Texte établi par C. Gosselin,  (Tome 2p. 168-191).

CHAPITRE VIII.


La cosa más alegre que en la vida
Permite al ser mortal humana gloria,
Es la patria del hombre tan querida
Después de alguna próspera victoria.

Lope de Vega.

Ah ! che per tutto io veggo
Qualche oggetto funesto.

Metastasio.


Les nouveaux succès des Espagnols contre les Maures, et la défaite d’El Feri de Benastepar et de son armée, causèrent la joie la plus vive aux habitans de Grenade. Toute la ville était en mouvement : on rencontrait dans les rues des bandes de musiciens dont les voix harmonieuses se mêlaient au bruit solennel des cloches, aux éclats de rire du peuple ; et tous ces accens de plaisir formaient un bruit des plus agréables.

Ce fut au milieu de toutes ces réjouissances que Theodora entra dans Grenade ; mais elle ne fut pas étonnée de tout ce mouvement, parceque ayant voyagé lentement, elle avait été devancée par la nouvelle de la victoire, et ces scènes bruyantes la tirèrent un peu des sombres pensées dont elle s’était nourrie pendant son voyage. Elle traversa les principales rues de cette ville si ancienne, si renommée, si long-temps le principal théâtre de la grandeur musulmane, et dont maintenant les Chrétiens victorieux étaient les possesseurs paisibles ; et à chaque pas sa curiosité était excitée, ou son cœur ému par quelques unes de ces choses qui doivent nécessairement attirer l’attention d’un étranger lorsqu’il arrive dans une ville arrachée nouvellement au pouvoir d’un ennemi. Partout on rencontrait des restes de la grandeur des Maures, et chaque rue, chaque construction, les pavés mêmes sur lesquels on marchait, tout enfin annonçait hautement la gloire passée et le pouvoir déchu. Une grande partie de la population de la ville était espagnole ; cependant il y avait aussi beaucoup de Maures, et tous conservaient fidèlement leur costume national, qui, par sa grâce et son brillant, formait un contraste frappant avec celui plus mâle et plus sévère des Chrétiens. Enfin ces deux peuples, si différens sous tous les points et toujours ennemis implacables, occupaient les mêmes maisons, parcouraient les rues ensemble, et semblaient unis par la plus sincère amitié.

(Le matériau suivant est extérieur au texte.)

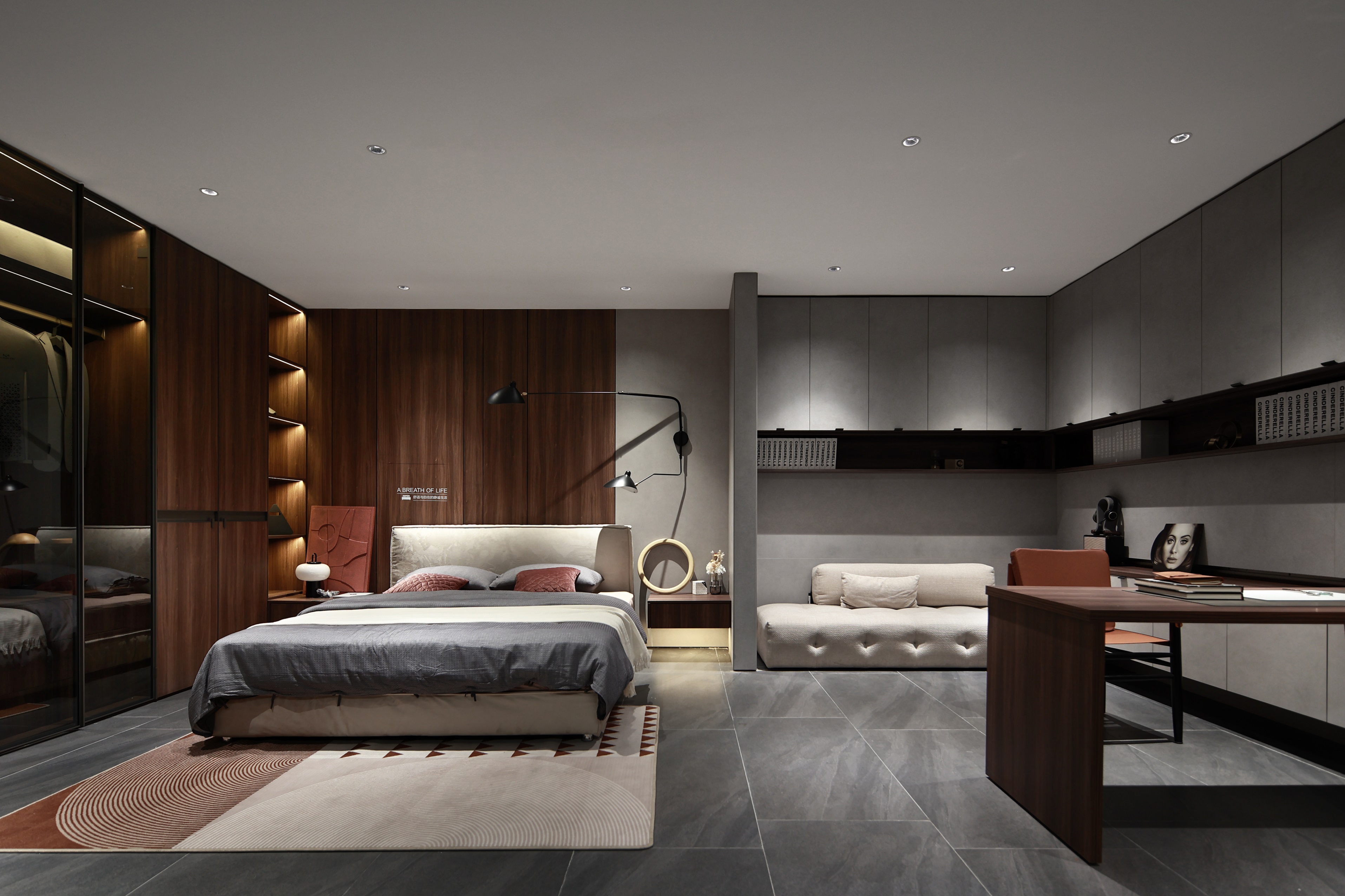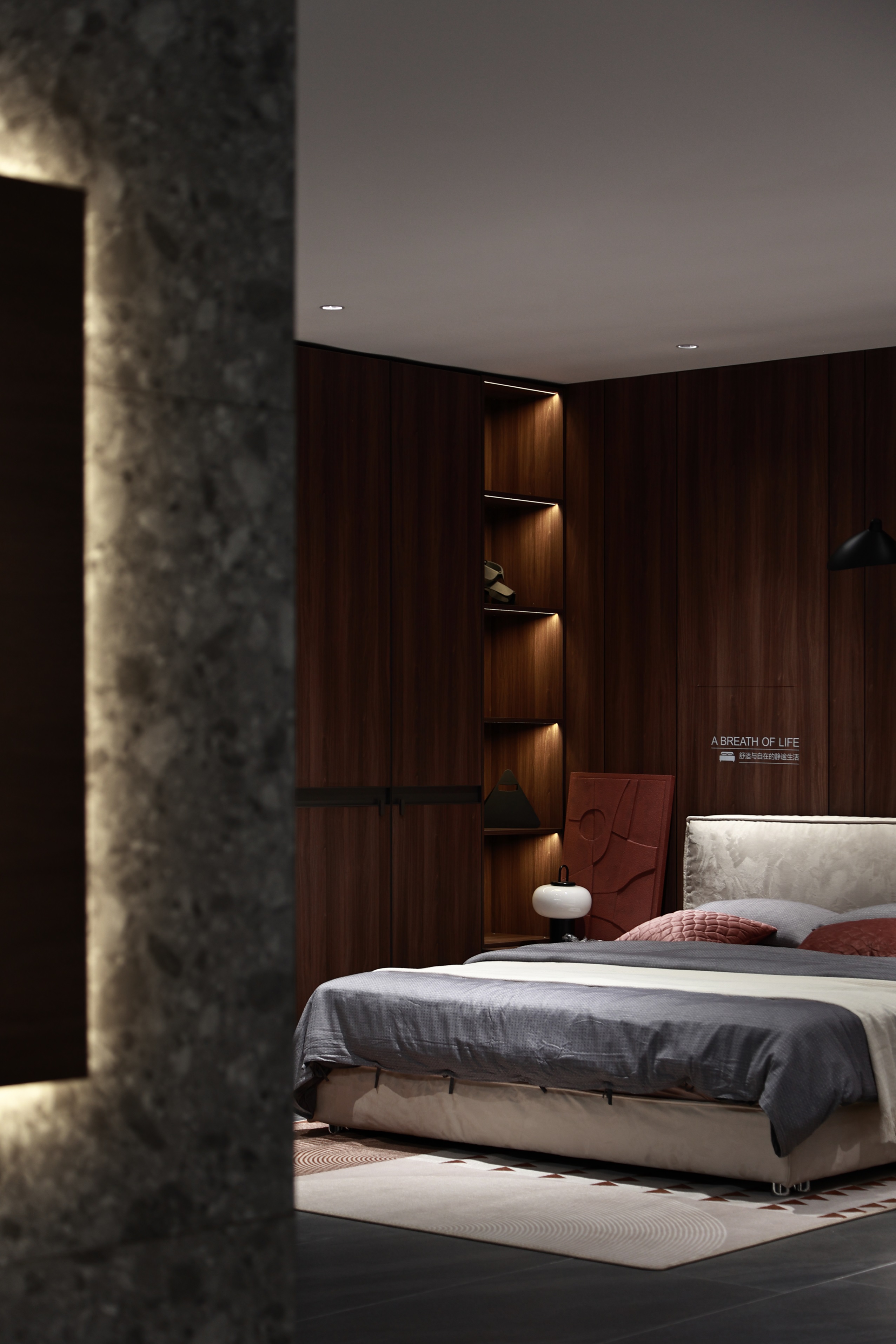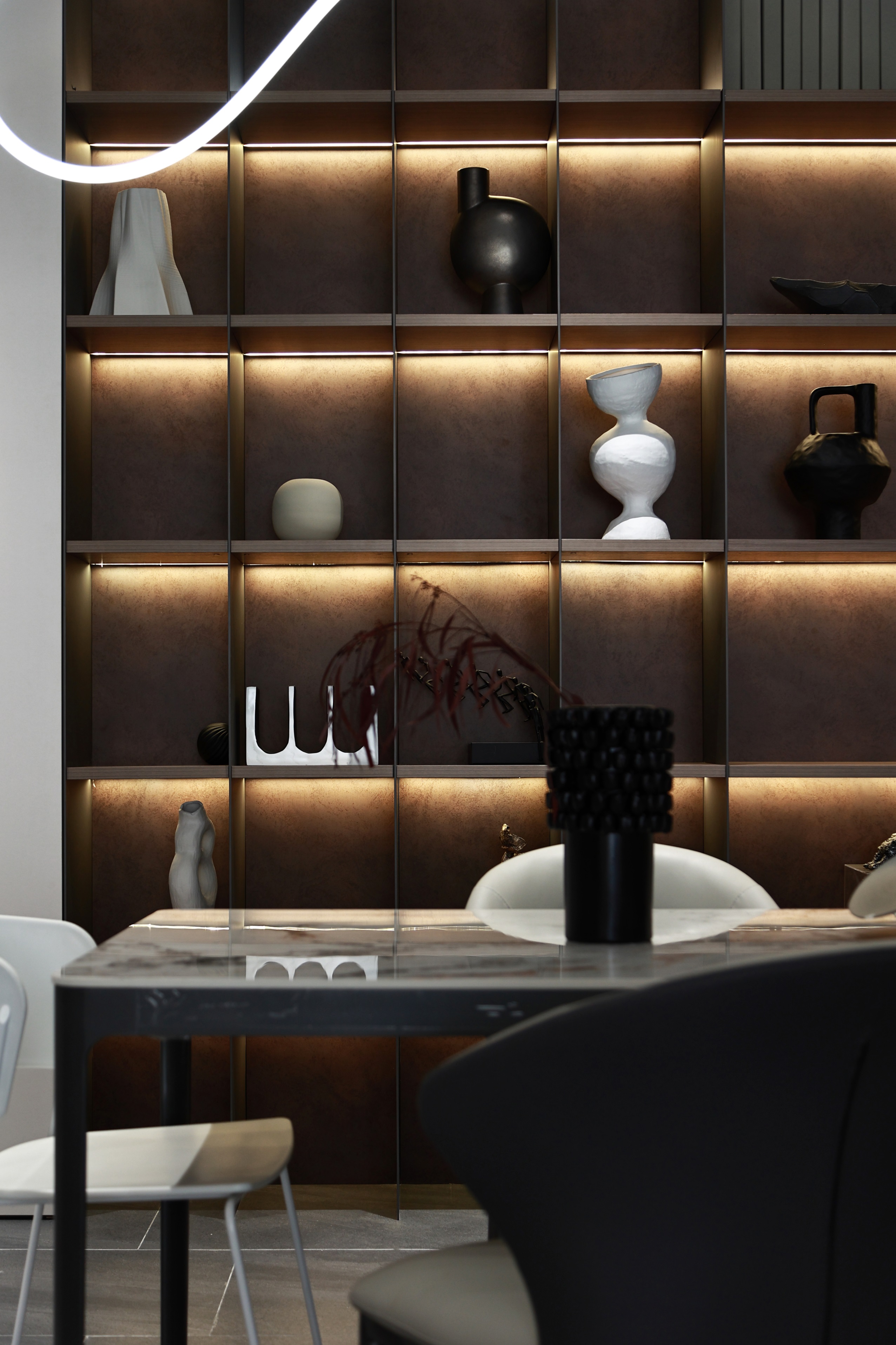 空间意境:打破固有思维,跳跃出传统展厅的设计理念,源于从“心”出发营造既满足生活的舒适感的同时,又不失空间氛围感。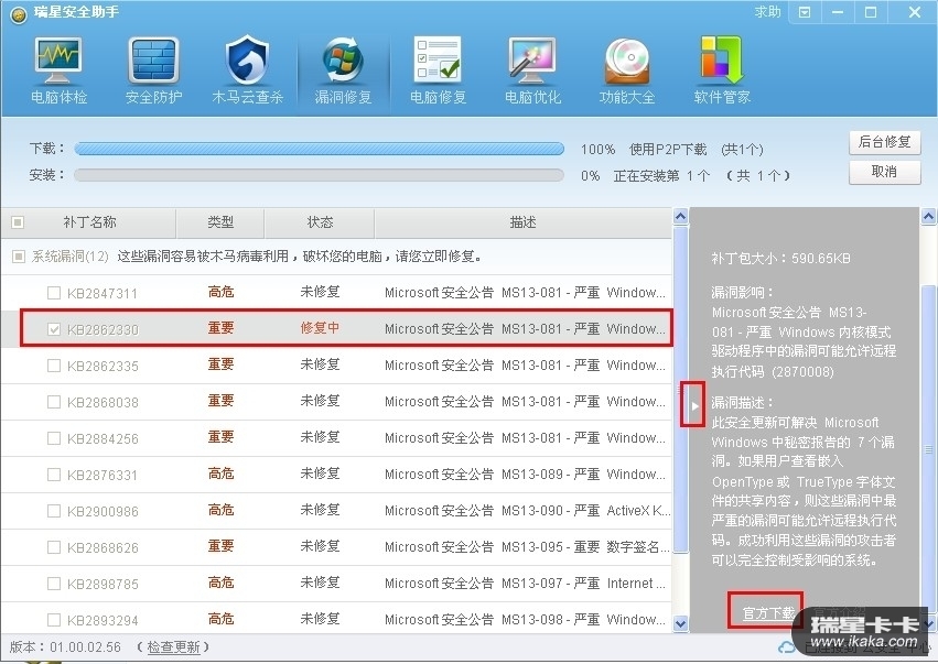 瑞星安全助手发现4个漏洞,修复时下载失败,几次下载都失败修复不了(截有图不知怎样发到帖上)。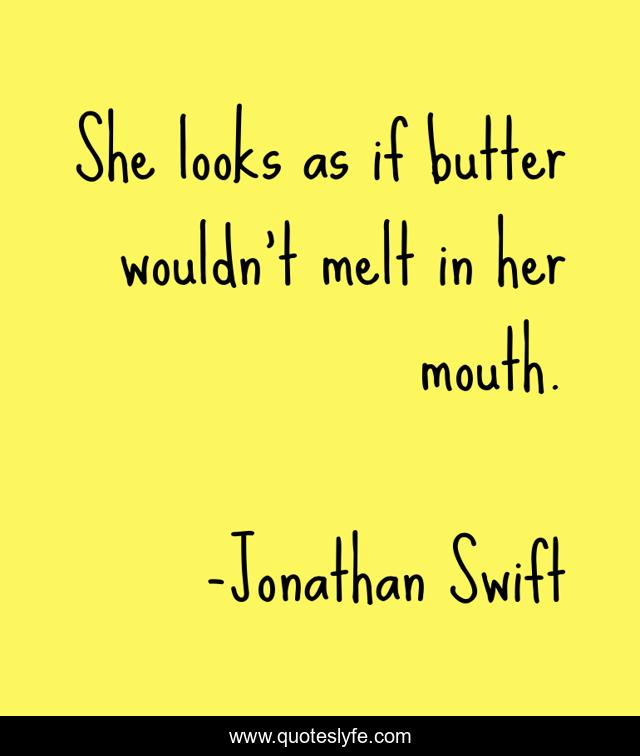 This page presents the quote "She looks as if butter wouldn't melt in her mouth.". Author of this quote is Jonathan Swift. .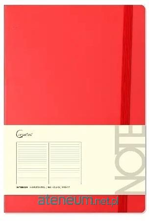Notatnik kołowy. Okładka z tektury w linie. Zapięciena gumkę w kolorze pokrowca. 96 arkuszy o gramaturze 80 g/m2. Różne wzory: linie poziome, kwadraty 4 x 4 mm i gładkie. Rozmiar A5. Wymiary: 210x 148 mm. Czerwony kolor.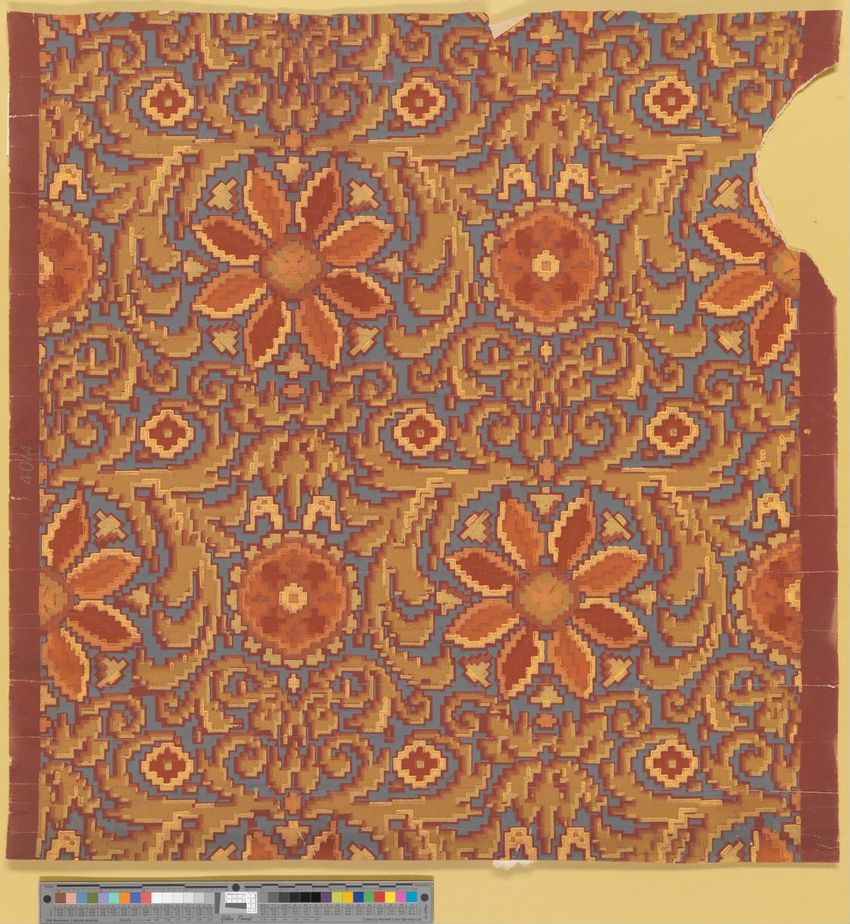 Fragments, Rosettes in green enclosed by yellow wreaths with anthemion design (straight repeat?)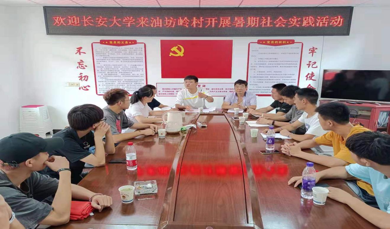 实践队师生与油坊岭村党支部书记陈明清及村部成员座谈,畅谈校地合作及社会实践等事宜。
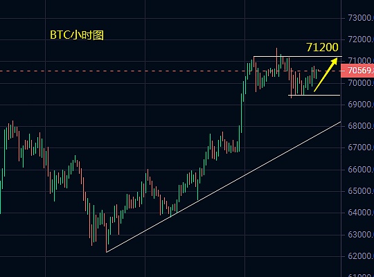 短线,无论是文章还是博文的分析,都在提示做多为主,尤其在晚间连续两次围绕69600做多基本都卡在了最低点,收获颇丰;今日,有理由继续看涨,其一是昨日美盘的回撤没有直接跌破69000关口,而是反抽后早间重新突破70000关口,其二日线继续连阳,多头趋势良好;小时线首要关注昨日71200一线的短线阻力压制,整体依托70000做多看涨。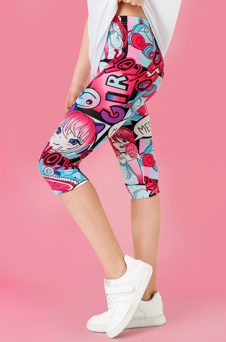Хлопковые бриджи с принтом подходят для спортивных тренировок, танцев и гимнастики. Они станут отличным решением для физкультуры. Подростковые капри из трикотажа идеальны для дома, отдыха на природе и домашних дел.
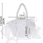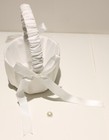 White Satin Flower Girl Basket Faux Pearl Handle Bowknot 8" X 5" X 5" Wedding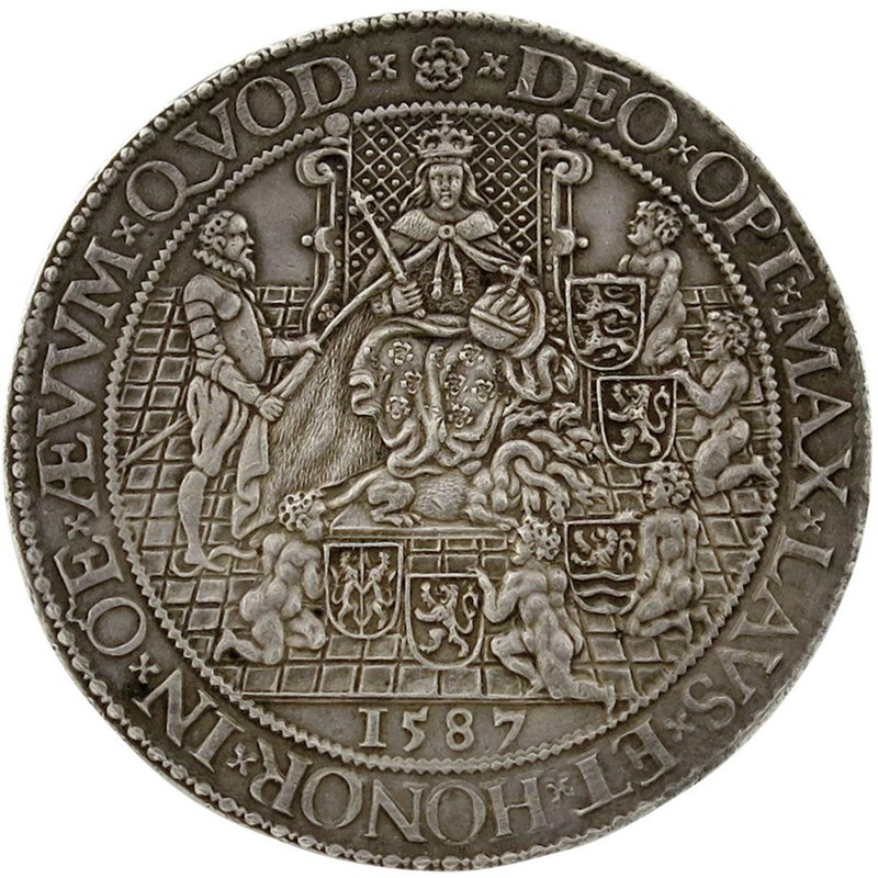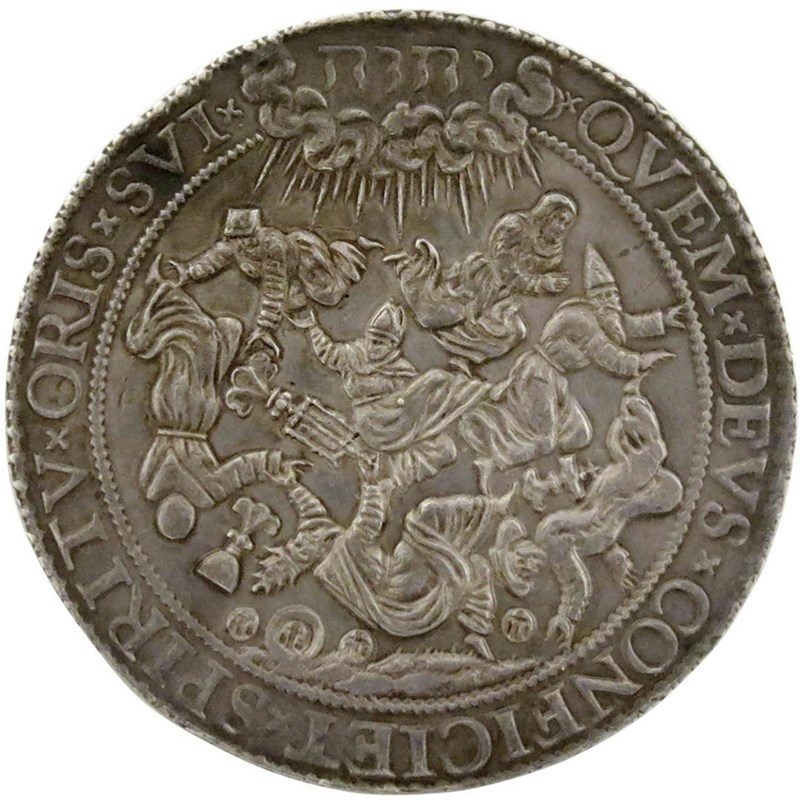 The Protestants supported in the United Provinces, heavy silver medal, 1587, by Gerhard van Bijlaer, struck in Dordrecht, the Queen, her feet trampling a hydra, attended by courtier, perhaps the Earl of Leicester, five naked infants kneel with armorial shields, DEO OPT LAVS ET HONOR IN OE ÆVVM QVOD, rev., the name יְהֹוָה radiates on the Pope, bishops and other religious figures and objects falling from the clouds, QVEM DEVS CONFICIET SPIRITV ORIS SVI, 51mm; 60.94g (MI 139/99; Eim. 53; vL I, 369). Good very fine, slight edge bruise to reverse at 10 o'clock.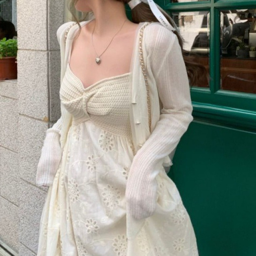 | nameOriginal | New Sunscreen Knitted Cardigan Top Women's French Pure Desire Style Strapless Long Dress with Sling Elegant dress Two-piece Set |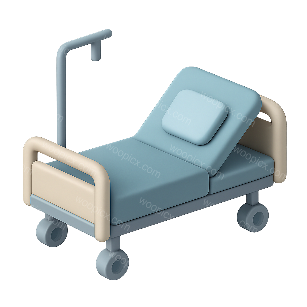 /Premium/Collection: /by davooda/Type: PNG/A stylized 3D icon of a hospital bed designed in an isometric view. The bed features a blue mattress, a pillow, and adjustable components, all set against a transparent background.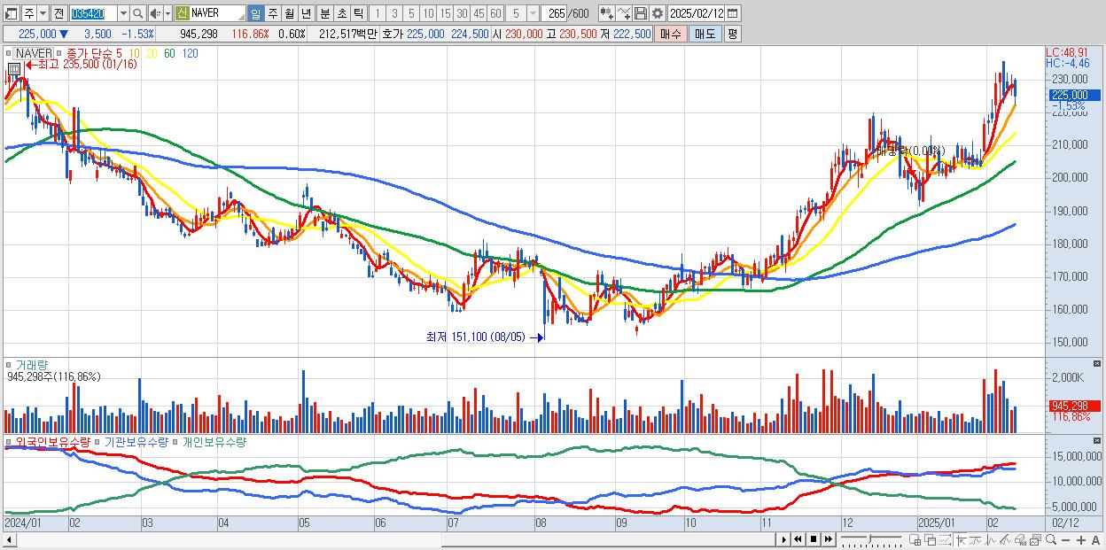 - NAVER (225,000원 ▼ -1.53% , 시총: 356,483억, 외국인 순매수 거래금:150억)

Sur les tourelles de chaque palais flottaient de brillantes bannières ; chaque balcon était orné de somptueuses draperies, et à chaque fenêtre on voyait des femmes belles et nobles s’amusant des danses des enfans et de la joie du peuple. Les rues offraient le spectacle le plus curieux ; car au milieu de cette foule on distinguait le riche costume du noble, et celui si modeste du paysan ; l’armure brillante et les plumes flottantes du guerrier, près de la robe somptueuse du Musulman ; le vêtement imposant et sombre du dignitaire ecclésiastique, et l’habit grossier, la tête chauve du moine.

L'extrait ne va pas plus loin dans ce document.